- _ACTIVITY_:
Pictures are to be left out, and every entry repeated exactly.

- _PROVIDED DATA_:
########################################

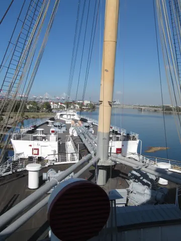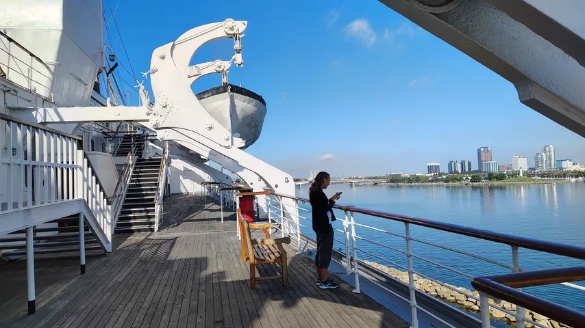 We stayed one night before the cruise in Long Beach on the historic, hotel-ship Queen Mary. I was very excited! We had a direct flight on American to LAX. We took a Lyft from home to the airport and back since this was a long trip to pay for parking at the airport. Unfortunately, we were traveling to the airport in rush hour both times, so they were both expensive. Both our drivers could not speak English, which I think should not be allowed for safety and navigation concerns. On our way home, the under construction highway had changed, my husband was trying to communicate to exit, but he did not understand and missed it, leaving us to go a ways to turn across in stopped rush hour traffic when we could have been home. Then I thought he was going to hit a barrack when my husband was trying to get him to exit after the turn around to not have to turn around again. Aqui! Lyft needs to fix this, or we need to pay more for Uber.
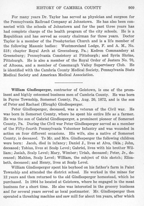 For many years Dr. Taylor has served as physician and surgeon for the Pennsylvania Railroad Company at Johnstown. He has also been connected with the schools of Johnstown and for the past three years has had complete charge of the health program of the city schools. He is a Republican and has served as county chairman for three years. Doctor Taylor is a member of the Presbyterian Church and is a life member of the following Masonic bodies: Westmoreland Lodge, F. and A. M., No. 518; chapter Royal Arch at Greensburg, Pa.,; Kedron Commandery at Greensburg; Pennsylvania Consistory at Pittsburgh; and Syria Shrine, Pittsburgh. He is also a member of the Royal Order of Jesters No. 70, of Altoona, and a member of Conemaugh Valley Supervisory Club. He is identified with the Cambria County Medical Society, Pennsylvania State Medical Society and American Medical Association. William Gindlesperger, contractor of Geistown, is one of the prominent and highly esteemed business men of Cambria County. He was born in Payne Township, Somerset County, Pa., Aug. 20, 1872, and is the son of Peter and Rachael (Blough) Gindlesperger. Peter Gindlesperger, deceased, was a veteran of the Civil war. He was born in Somerset County, where he spent his entire life as a farmer. He was the son of Gabriel Gindlesperger, a prominent pioneer of Somerset County, Pa. During the Civil war Peter Gindlesperger served as a member of the Fifty-fourth Pennsylvania Volunteer Infantry and was wounded in action on four different occasions. His wife, also a native of Somerset County, is deceased. To Mr. and Mrs. Gindlesperger the following children were born: Jacob, died in infancy; Daniel J., lives at Alva, Okla; John, deceased; Tobias, lives at Scalp Level; Gabriel, lives with his brother William; Josiah, Scalp Level; Mary, Wimber; Uriah, deceased; Peter, Jr., deceased; Mahlon, Scalp Level; William, the subject of this sketch; Elizabeth, deceased; and Henry, lives at Scalp Level. William Gindlesperger spent his boyhood on his father's farm in Paint Township and attended the district school. He worked in the mines for 12 years and then returned to the old Gindlesperger homestead, which he purchased. In 1904 he located at Geistown, where he engaged in the meat business for a short time. He also was interested in the grocery business and for several years served as local postmaster. Mr. Gindlesperger then operated a threshing machine and saw mill for about ten years, after which |
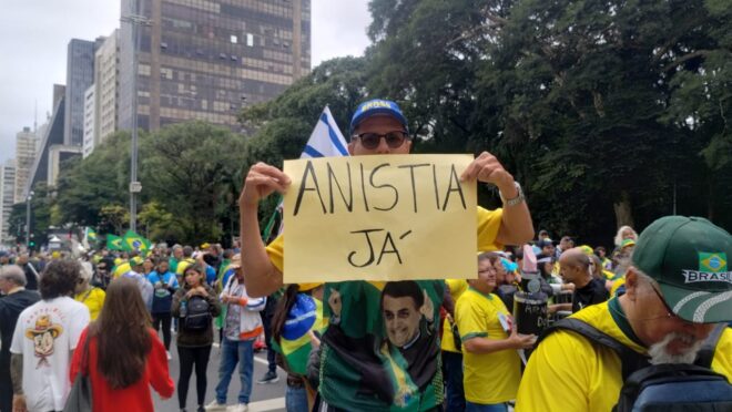Ele também demonstrou indignação com as pesadas penas aplicadas aos participantes dos atos de 8 de janeiro, considerando-as desproporcionais: “A luta é pela liberdade dessas pobres pessoas, que estão condenadas a penas de até 17 anos de cadeia”, disse.
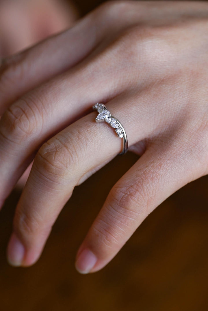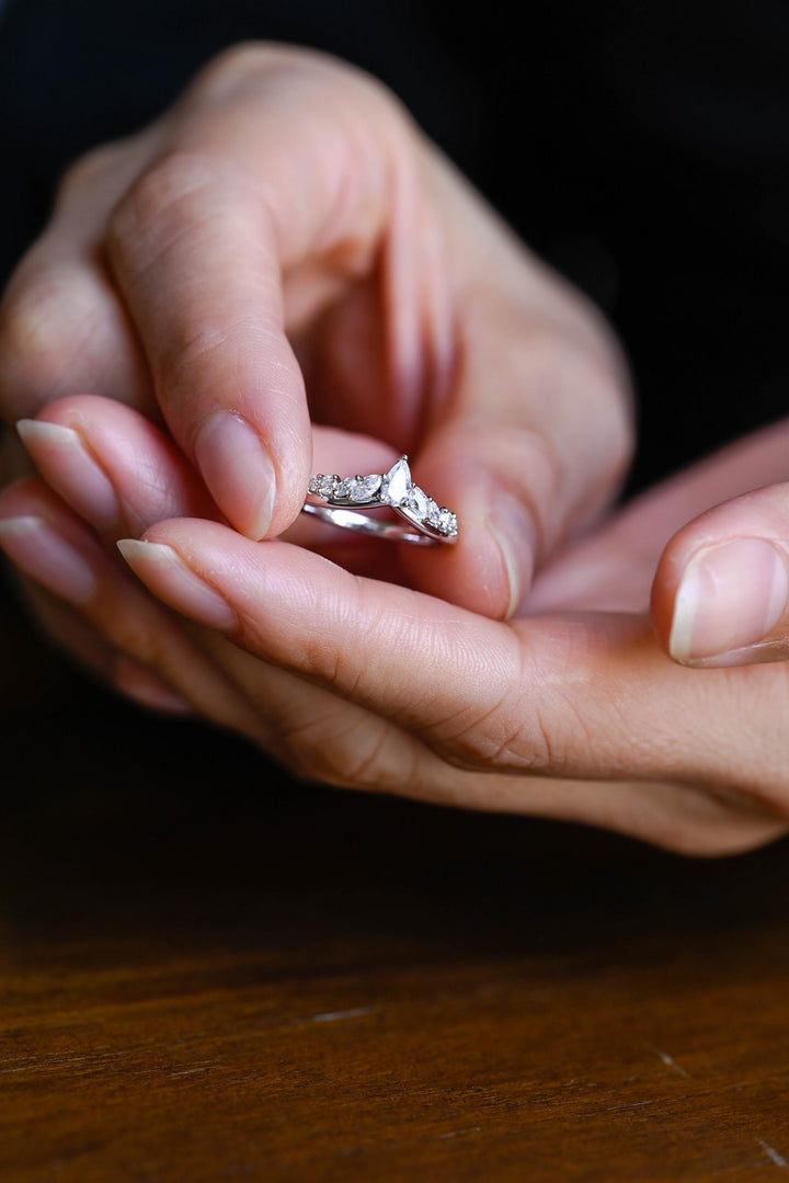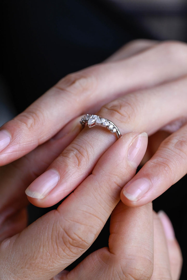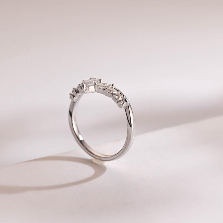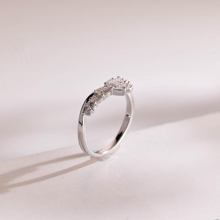 1.50CT Marquise & Round Cut Curved CVD EF/VVS Diamond Wedding Band For Women
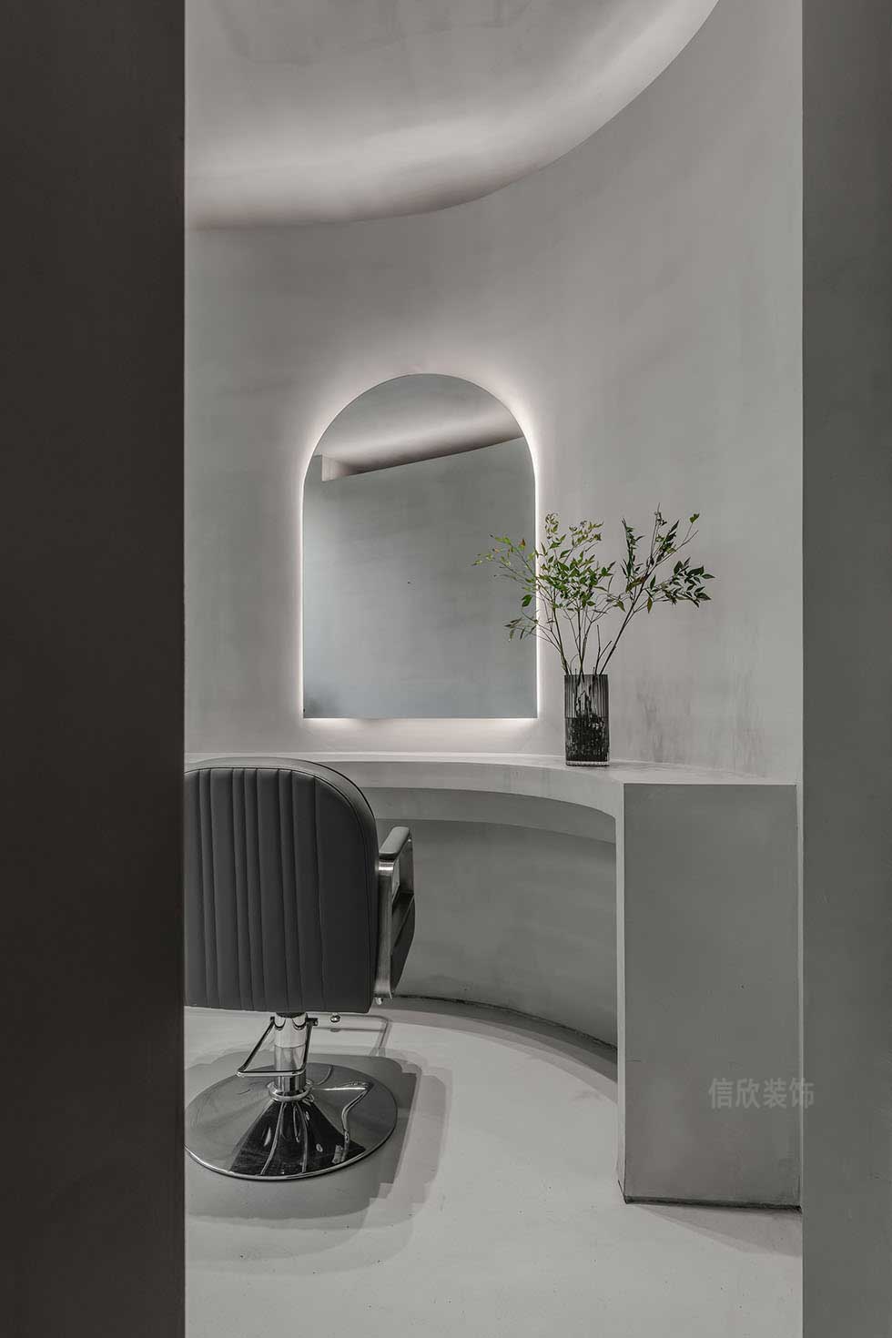 設(shè)計(jì)再次展現(xiàn)了自然與室內(nèi)的無邊之界,漫長(zhǎng)的造型時(shí)間難免枯燥無聊,巧妙的設(shè)計(jì)恰好可以為時(shí)光增添生趣?;【€形的操作臺(tái)讓每位客人都暢通無阻地欣賞到戶外風(fēng)景。在等待的間隙給眼睛放個(gè)假,也為心靈安排了一段愜意的旅行。
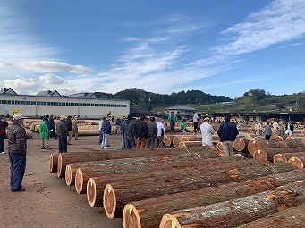 11月30日 奈良県銘木協同組合にて「全国優良材展示大会」が開催され、久しぶりに土場いっぱいの優良材が集まりました。弊社も伊賀市にて葉枯らしを行った90年生杉を中心に大量に出荷いたしました。市況は先行き不透明な中ですが精いっぱいの市売でした。
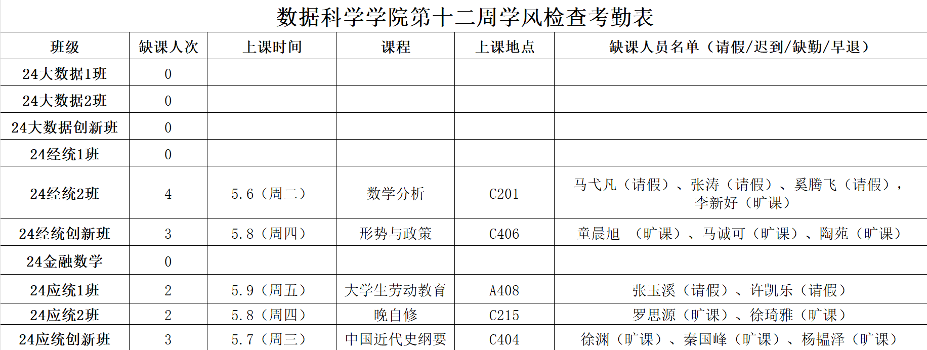 学院后续将常态化开展学风巡检抽查,希望同学们严守课堂行为规范,禁止“三无”行为,杜绝旷课、迟到、早退、代课等不良现象,共同营造“好学、勤学、乐学”的优良学气。
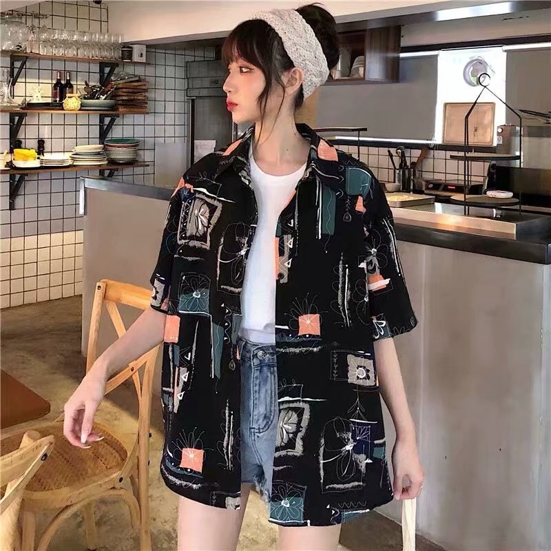 2022種類の夏の幾何学的レトロなプリントシャツカップルのデザイン感のある小さな上着のゆるいカジュアルな半袖シャツ
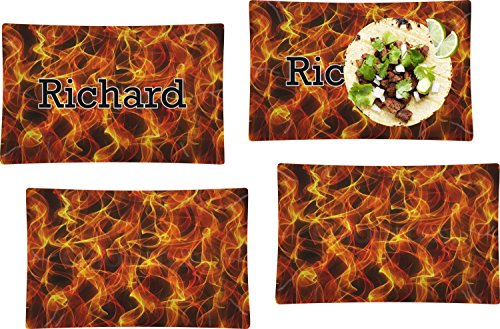 火のセット4長方形ディナープレートPersonalized )

########################################

- _THE COMPLETED TASK_:
 We stayed one night before the cruise in Long Beach on the historic, hotel-ship Queen Mary. I was very excited! We had a direct flight on American to LAX. We took a Lyft from home to the airport and back since this was a long trip to pay for parking at the airport. Unfortunately, we were traveling to the airport in rush hour both times, so they were both expensive. Both our drivers could not speak English, which I think should not be allowed for safety and navigation concerns. On our way home, the under construction highway had changed, my husband was trying to communicate to exit, but he did not understand and missed it, leaving us to go a ways to turn across in stopped rush hour traffic when we could have been home. Then I thought he was going to hit a barrack when my husband was trying to get him to exit after the turn around to not have to turn around again. Aqui! Lyft needs to fix this, or we need to pay more for Uber.
 For many years Dr. Taylor has served as physician and surgeon for the Pennsylvania Railroad Company at Johnstown. He has also been connected with the schools of Johnstown and for the past three years has had complete charge of the health program of the city schools. He is a Republican and has served as county chairman for three years. Doctor Taylor is a member of the Presbyterian Church and is a life member of the following Masonic bodies: Westmoreland Lodge, F. and A. M., No. 518; chapter Royal Arch at Greensburg, Pa.,; Kedron Commandery at Greensburg; Pennsylvania Consistory at Pittsburgh; and Syria Shrine, Pittsburgh. He is also a member of the Royal Order of Jesters No. 70, of Altoona, and a member of Conemaugh Valley Supervisory Club. He is identified with the Cambria County Medical Society, Pennsylvania State Medical Society and American Medical Association. William Gindlesperger, contractor of Geistown, is one of the prominent and highly esteemed business men of Cambria County. He was born in Payne Township, Somerset County, Pa., Aug. 20, 1872, and is the son of Peter and Rachael (Blough) Gindlesperger. Peter Gindlesperger, deceased, was a veteran of the Civil war. He was born in Somerset County, where he spent his entire life as a farmer. He was the son of Gabriel Gindlesperger, a prominent pioneer of Somerset County, Pa. During the Civil war Peter Gindlesperger served as a member of the Fifty-fourth Pennsylvania Volunteer Infantry and was wounded in action on four different occasions. His wife, also a native of Somerset County, is deceased. To Mr. and Mrs. Gindlesperger the following children were born: Jacob, died in infancy; Daniel J., lives at Alva, Okla; John, deceased; Tobias, lives at Scalp Level; Gabriel, lives with his brother William; Josiah, Scalp Level; Mary, Wimber; Uriah, deceased; Peter, Jr., deceased; Mahlon, Scalp Level; William, the subject of this sketch; Elizabeth, deceased; and Henry, lives at Scalp Level. William Gindlesperger spent his boyhood on his father's farm in Paint Township and attended the district school. He worked in the mines for 12 years and then returned to the old Gindlesperger homestead, which he purchased. In 1904 he located at Geistown, where he engaged in the meat business for a short time. He also was interested in the grocery business and for several years served as local postmaster. Mr. Gindlesperger then operated a threshing machine and saw mill for about ten years, after which |
Ele também demonstrou indignação com as pesadas penas aplicadas aos participantes dos atos de 8 de janeiro, considerando-as desproporcionais: “A luta é pela liberdade dessas pobres pessoas, que estão condenadas a penas de até 17 anos de cadeia”, disse.
 1.50CT Marquise & Round Cut Curved CVD EF/VVS Diamond Wedding Band For Women
 設(shè)計(jì)再次展現(xiàn)了自然與室內(nèi)的無邊之界,漫長(zhǎng)的造型時(shí)間難免枯燥無聊,巧妙的設(shè)計(jì)恰好可以為時(shí)光增添生趣?;【€形的操作臺(tái)讓每位客人都暢通無阻地欣賞到戶外風(fēng)景。在等待的間隙給眼睛放個(gè)假,也為心靈安排了一段愜意的旅行。
 11月30日 奈良県銘木協同組合にて「全国優良材展示大会」が開催され、久しぶりに土場いっぱいの優良材が集まりました。弊社も伊賀市にて葉枯らしを行った90年生杉を中心に大量に出荷いたしました。市況は先行き不透明な中ですが精いっぱいの市売でした。
 学院后续将常态化开展学风巡检抽查,希望同学们严守课堂行为规范,禁止“三无”行为,杜绝旷课、迟到、早退、代课等不良现象,共同营造“好学、勤学、乐学”的优良学气。
 2022種類の夏の幾何学的レトロなプリントシャツカップルのデザイン感のある小さな上着のゆるいカジュアルな半袖シャツ
 火のセット4長方形ディナープレートPersonalized )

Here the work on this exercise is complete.